Jenny followed her mum through the doors into reception. Dorothy asked for Thomas Olsson at the desk then stood playing with the strap of her leather handbag. It was more of a satchel really, a practical thing with buckles.
‘Are you OK?’ Jenny said.
Dorothy nodded but she looked worried. Jenny felt something powerful, seeing her mum like that. It was never easy, seeing your parents’ power diminish, realising all their frailties and foibles. Realising that they’re just ordinary people struggling to get by like the rest of us.

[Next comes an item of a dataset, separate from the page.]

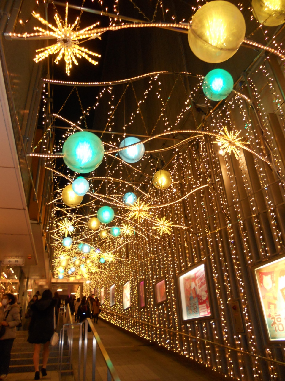 新宿駅と西口と南口をつなぐ通路で両サイドにショップなどもある通りで、これまで何度も通ったことがありますが、年末に行った際はいつもとはまったく異なり、とても華やかになっていましたので記念撮影してきました。お洒落なレストランもあるので、デートにもおすすめですね。

Jenny had returned to Greenhill Gardens earlier, still shaking with adrenaline from her encounter with Bradley. What the hell was happening to her? If that had been the other way round, she would’ve been shouting about sexual assault. But there was something about his attitude that made the red mist descend. It didn’t take the world’s best shrink to realise Craig had fucked up her attitude to men, but that was so long ago, why was it rearing up again now? She had to keep a lid on it.
When she’d got home from Kings Buildings, she found Mum in the garden staring at the charred site of the funeral pyre. Dorothy explained about the payments, Rebecca in Craigentinny, her daughter. The implication was clear, either Jim was involved with Rebecca, or Rebecca was his daughter, or maybe Natalie was his daughter. Maybe he had something to do with Simon’s disappearance. Either way, he was a liar. He’d lied to his wife, kept secrets from his family, and given away thousands of pounds of their money. Of course, with Dorothy’s unfaithful past, she couldn’t claim too much moral high ground. But at least she hadn’t lied, Jenny supposed. As far as Jenny knew.

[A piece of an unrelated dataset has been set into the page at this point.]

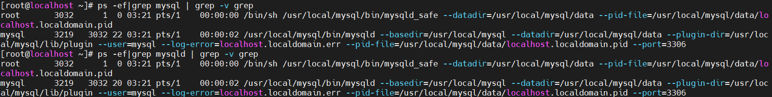 [root@localhost ~]# ps -ef|grep mysqld | grep -v grep

Dorothy was playing with a bracele
t on her wrist, three colourful strands intertwined and held together by a small button with an eye on it. Hannah made it for her years ago, and Jenny couldn’t believe Dorothy still had it. She tried to think if she had anything Hannah made at school, the necklaces and keychains, paintings, random collections of stones and sticks, painted and stuck together in the name of art.

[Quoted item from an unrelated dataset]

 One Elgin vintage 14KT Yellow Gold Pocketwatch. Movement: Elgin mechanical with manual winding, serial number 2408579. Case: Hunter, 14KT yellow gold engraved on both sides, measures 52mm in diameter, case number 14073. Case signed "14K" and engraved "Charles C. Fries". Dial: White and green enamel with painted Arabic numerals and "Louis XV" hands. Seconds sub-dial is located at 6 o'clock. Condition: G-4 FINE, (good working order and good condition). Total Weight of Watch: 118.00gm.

Two police officers in bulky stab-proof vests came in through the revolving door carrying coffees and went through to the back. The woman at the front desk smiled at them.
Jenny spoke to Dorothy. ‘Remind me how you met Thomas?’
Dorothy smiled. ‘Same way we meet anyone, we did his wife’s funeral.’
‘But you knew him from yoga before that.’
‘He comes to class on a Tuesday.’
‘A cop doing yoga?’
‘What of it?’
‘Did Dad know you were friends?’
Dorothy paused at that. ‘What are you implying?’
Jenny shook her head. ‘Nothing, I just wondered.’
‘What century is this?’ Dorothy said. ‘A woman can be friends with a man.’
‘Sure.’
Dorothy shook her head. ‘Not that it’s any of your business, but yes, your dad knew I was friends with Thomas. He didn’t have a problem with it.’
The door from the back office opened and a tall black man in a fitted suit appeared.
‘Dorothy, good to see you,’ he said, his accent a mishmash of Scottish and Nordic. ‘Come on through.’
‘This is my daughter, Jenny.’ She turned to Jenny. ‘And this is Thomas.’